- Stokes Township, Minnesota Location within the state of Minnesota Stokes Township, Minnesota Stokes Township, Minnesota (the United States)
- Coordinates: 48°46′6″N 95°57′13″W﻿ / ﻿48.76833°N 95.95361°W
- Country: United States
- State: Minnesota
- County: Roseau

Area
- • Total: 36.0 sq mi (93.3 km^{2})
- • Land: 36.0 sq mi (93.3 km^{2})
- • Water: 0 sq mi (0.0 km^{2})
- Elevation: 1,096 ft (334 m)

Population (2000)
- • Total: 229
- • Density: 6.5/sq mi (2.5/km^{2})
- Time zone: UTC-6 (Central (CST))
- • Summer (DST): UTC-5 (CDT)
- FIPS code: 27-62932
- GNIS feature ID: 0665716

= Stokes Township, Roseau County, Minnesota =

Township in Minnesota, United States

Stokes Township is a township in Roseau County, Minnesota, United States. The population was 229 at the 2000 census.

Stokes Township bears the name of George Stokes, an early settler.

==Geography==
According to the United States Census Bureau, the township has a total area of 36.0 square miles (93.3 km^{2}), all land.

==Demographics==
As of the census of 2000, there were 229 people, 82 households, and 66 families residing in the township. The population density was 6.4 people per square mile (2.5/km^{2}). There were 88 housing units at an average density of 2.4/sq mi (0.9/km^{2}). The racial makeup of the township was 99.13% White, 0.44% from other races, and 0.44% from two or more races. Hispanic or Latino of any race were 1.31% of the population.

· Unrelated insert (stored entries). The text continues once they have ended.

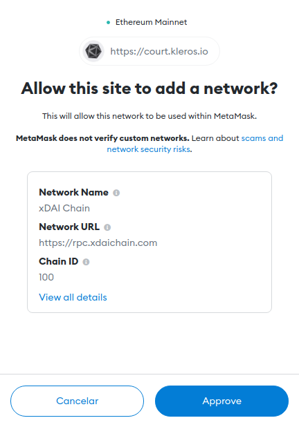 If you have not added xDAI Chain to MetaMask yet, you will be prompted with the following:
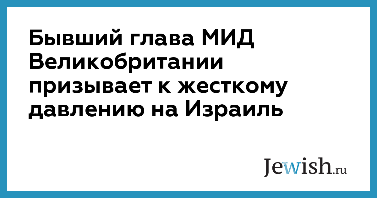 Бывший глава МИД Великобритании призывает к жесткому давлению на Израиль
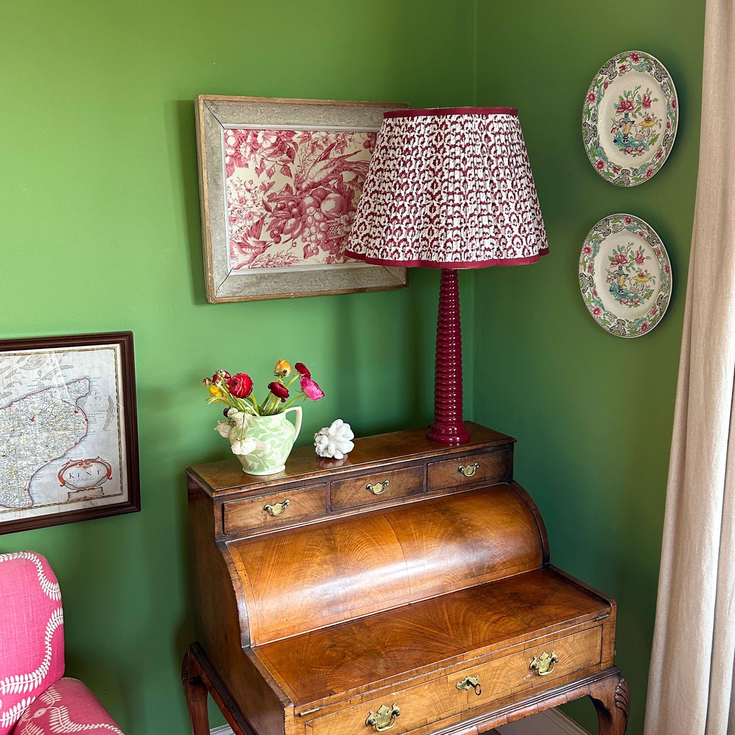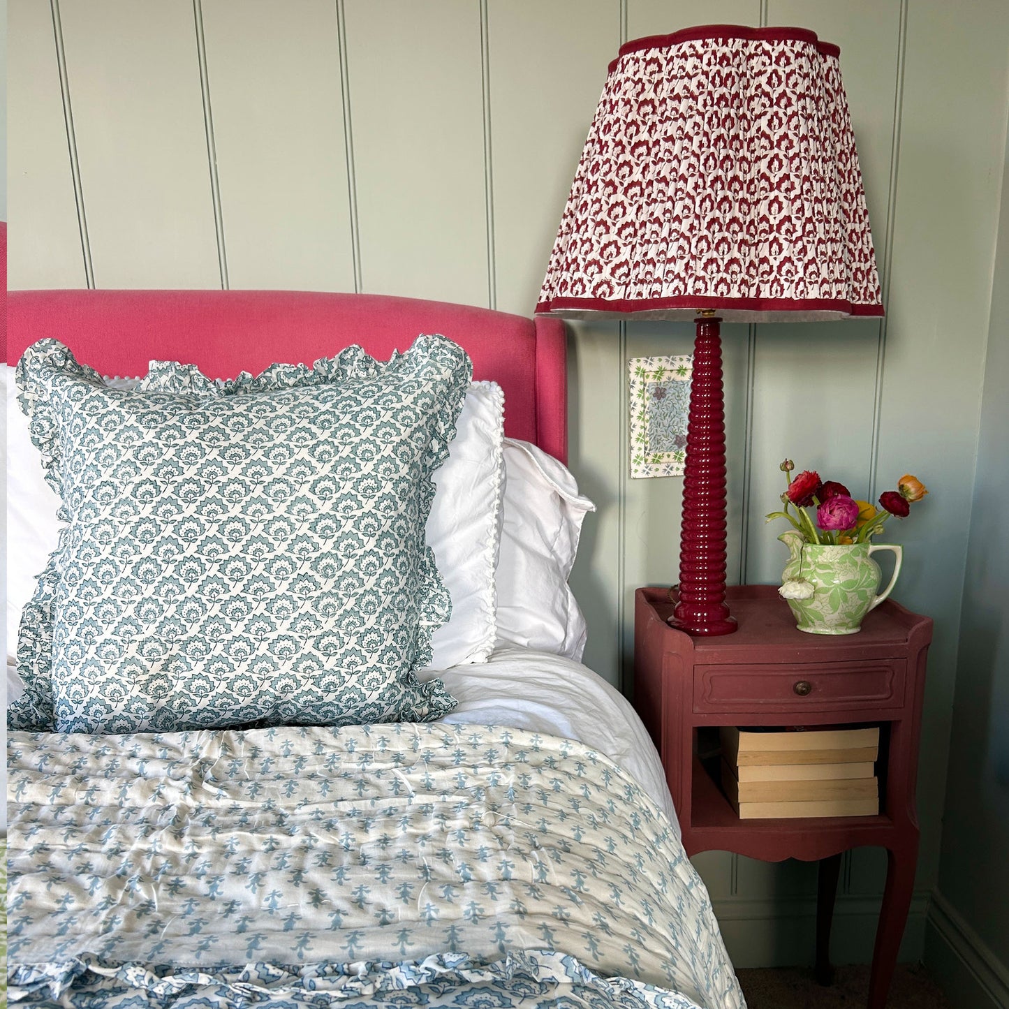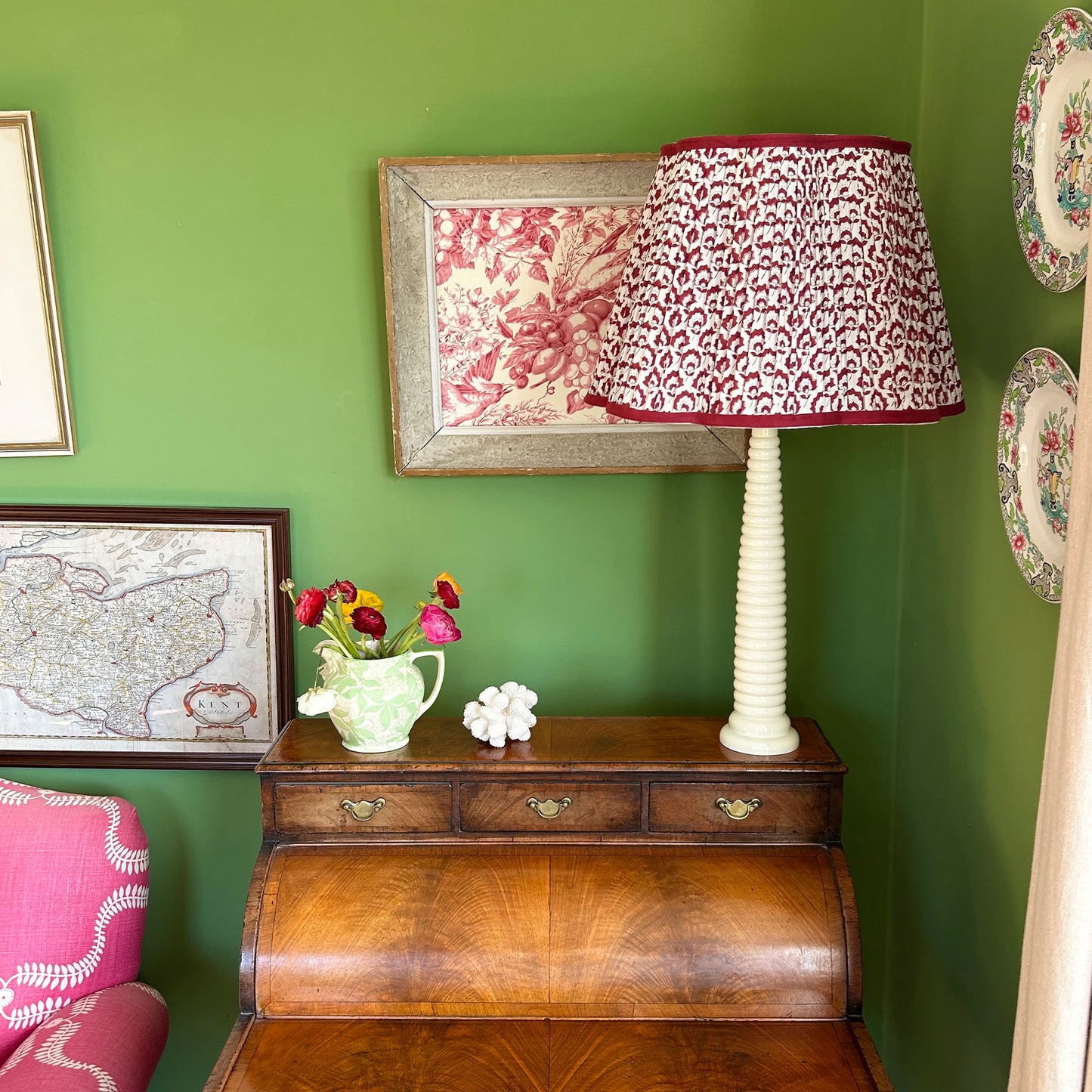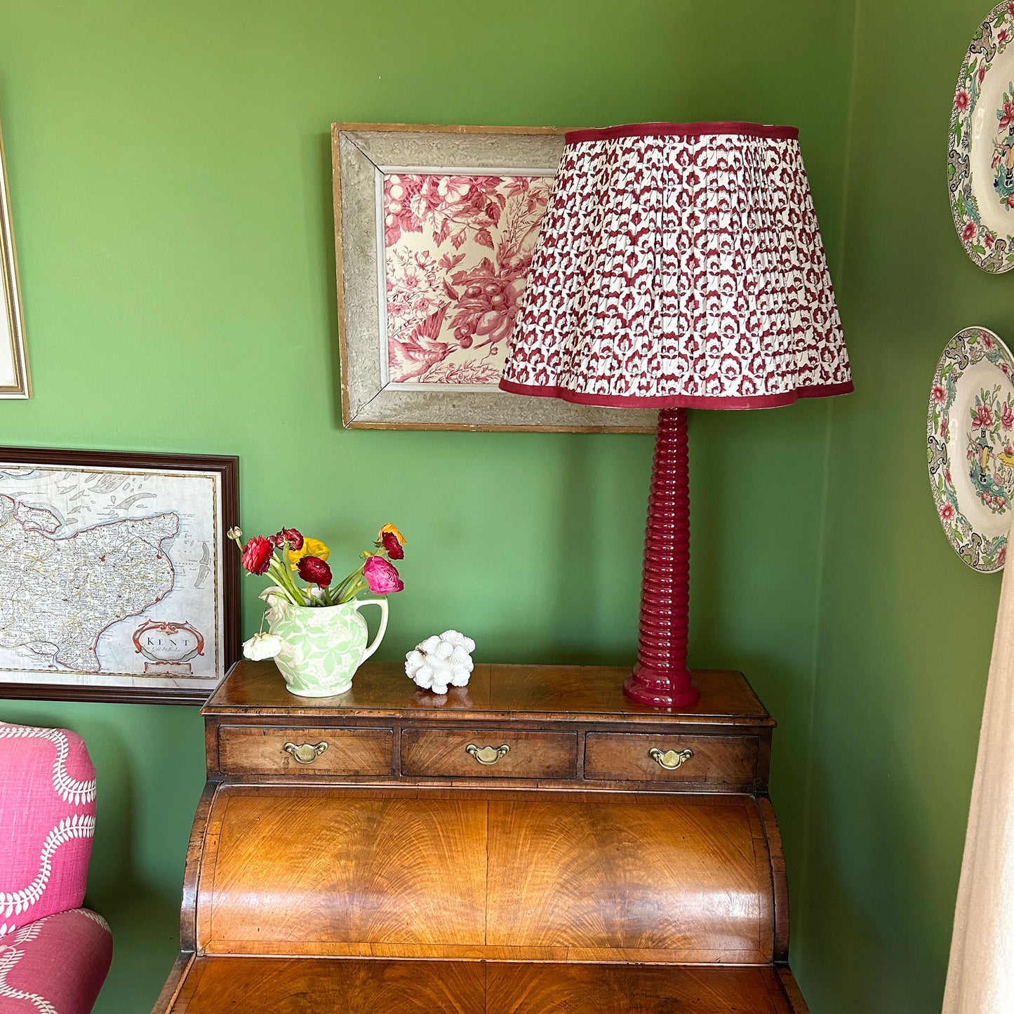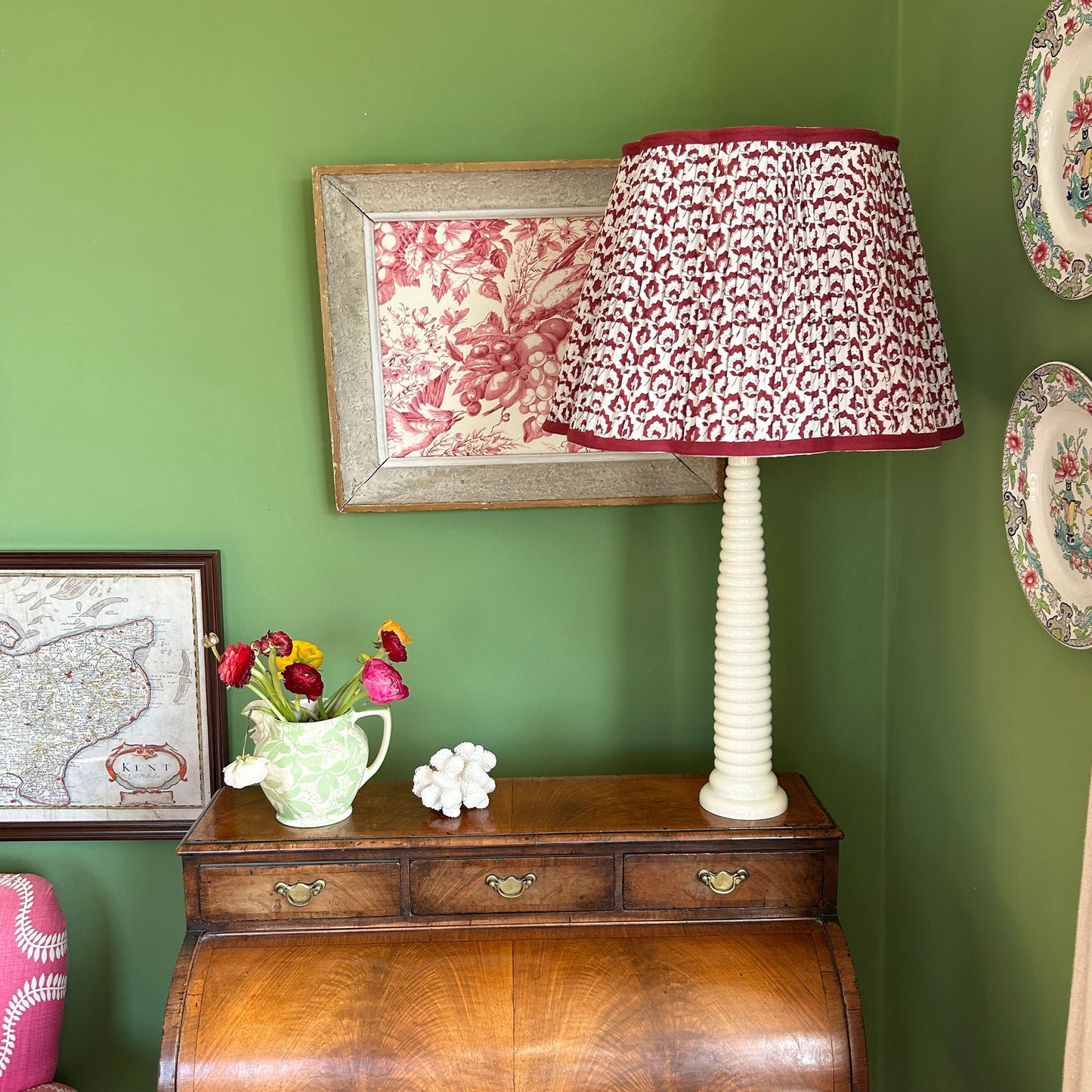 Jennie Pleated Cotton Block Printed Scallop Lampshade in Berry

There were 82 households, out of which 45.1% had children under the age of 18 living with them, 67.1% were married couples living together, 8.5% had a female householder with no husband present, and 18.3% were non-families. 17.1% of all households were made up of individuals, and 9.8% had someone living alone who was 65 years of age or older. The average household size was 2.79 and the average family size was 3.03.

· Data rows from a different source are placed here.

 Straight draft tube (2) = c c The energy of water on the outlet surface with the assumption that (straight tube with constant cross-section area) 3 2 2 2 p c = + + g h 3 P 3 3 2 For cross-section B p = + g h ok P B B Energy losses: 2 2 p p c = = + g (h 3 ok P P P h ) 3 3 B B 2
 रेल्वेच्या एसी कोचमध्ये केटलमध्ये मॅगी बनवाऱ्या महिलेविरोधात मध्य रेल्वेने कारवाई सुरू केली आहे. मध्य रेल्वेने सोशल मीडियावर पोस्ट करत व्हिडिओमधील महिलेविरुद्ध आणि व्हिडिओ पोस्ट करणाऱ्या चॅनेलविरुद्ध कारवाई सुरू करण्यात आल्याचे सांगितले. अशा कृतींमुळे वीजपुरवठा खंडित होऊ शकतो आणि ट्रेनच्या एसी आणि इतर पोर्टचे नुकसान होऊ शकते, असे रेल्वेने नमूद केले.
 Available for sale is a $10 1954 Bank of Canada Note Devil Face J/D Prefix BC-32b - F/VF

In the township the population was spread out, with 31.4% under the age of 18, 5.2% from 18 to 24, 31.9% from 25 to 44, 23.6% from 45 to 64, and 7.9% who were 65 years of age or older. The median age was 35 years. For every 100 females, there were 112.0 males. For every 100 females age 18 and over, there were 121.1 males.

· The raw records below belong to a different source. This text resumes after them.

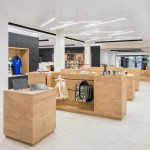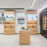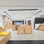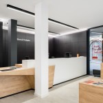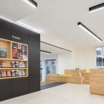 Visitors will get an overview of the space immediately upon entry and are guided through the area intuitively. Looking straight ahead reveals a spacious staircase that serves as the connecting element between the lower and upper retail space. On the right side, visitors can approach the constantly manned reception desk or obtain current information via the screen integrated into the wall. On the left side, a window display, which can be seen from the outside, stretches along the facade, up the staircase, and into an inviting seating area. This display forms the start of a row of cube-shaped wall shelves and merchandise display units for retail and presentation. These shelves and display units are designed and arranged specifically for the products to encourage visitors to browse. The pendant lights used here highlight the merchandise on display and constitute an impressive light installation on their own. The rest of the space is illuminated by black surface-mounted ceiling lights with a graphical appearance to create a neutral atmosphere. There are likewise two pieces of service furniture available on the upper level – including seating furniture where necessary – for providing information and advice.
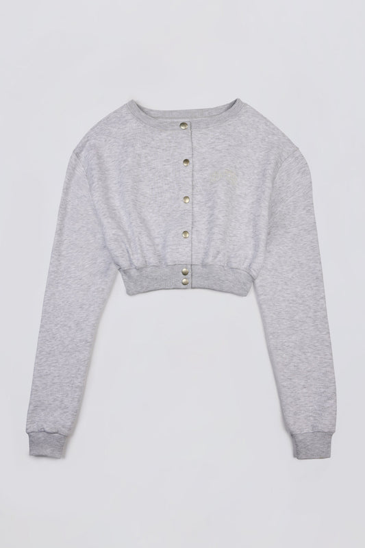 • Button-Up Cropped Cardigan in Grey Marl
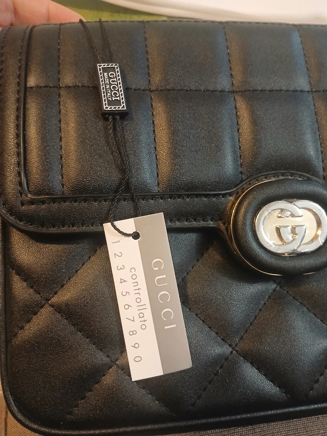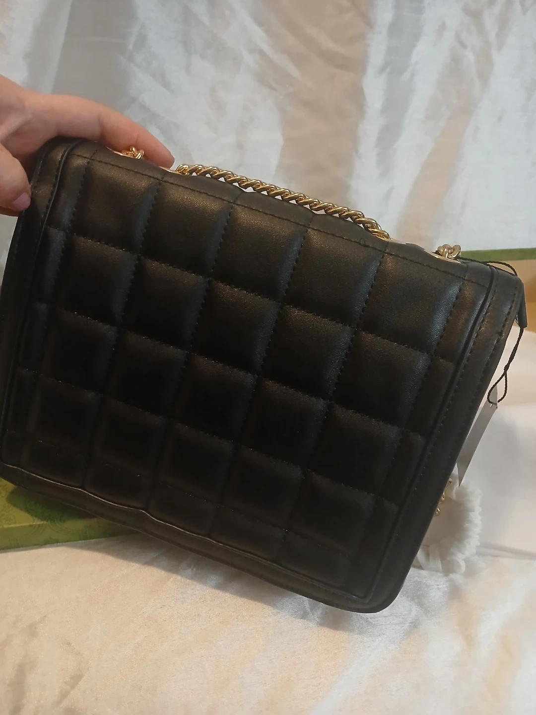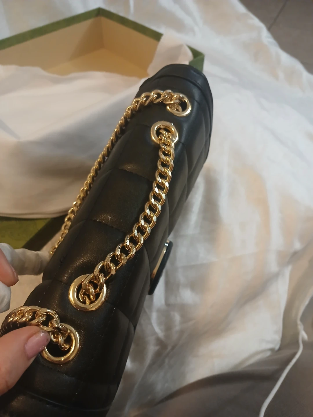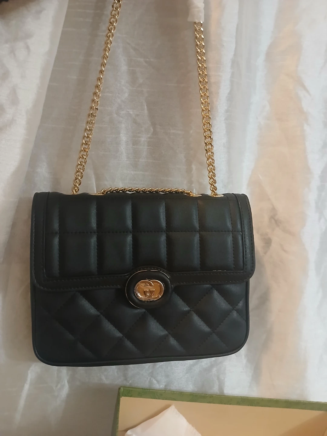 This is a black quilted leather shoulder bag from Gucci. It features a gold chain strap and a distinctive GG logo closure. Made in Italy. Comes with original box.
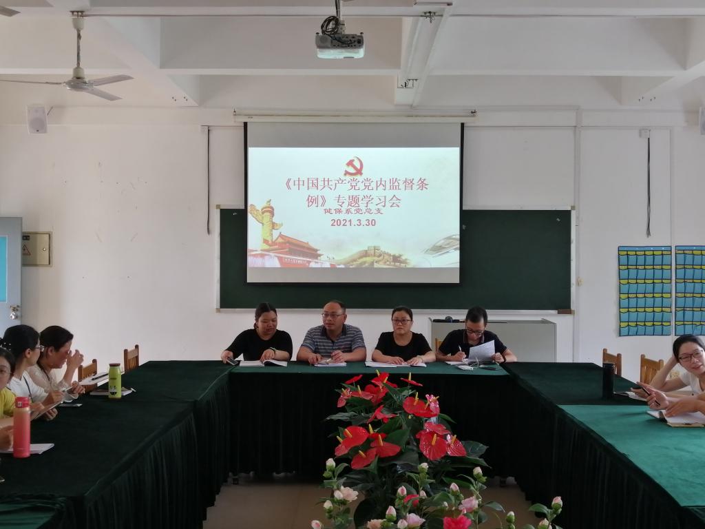 3月30日下午,健康与保健系党总支在致贤楼301会议室召开会议,开展《中国共产党党内监督条例》专题学习活动,专题学习会由党总支副书记周继峥主持。
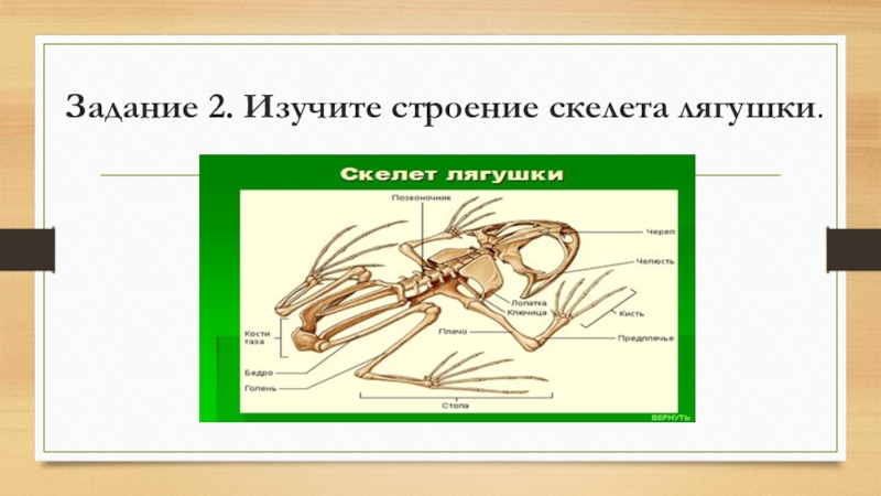Слайд 10Задание 2. Изучите строение скелета лягушки.

The median income for a household in the township was $39,531, and the median income for a family was $40,313. Males had a median income of $27,708 versus $21,250 for females. The per capita income for the township was $17,653. About 4.5% of families and 9.6% of the population were below the poverty line, including 11.8% of those under the age of eighteen and 16.7% of those 65 or over.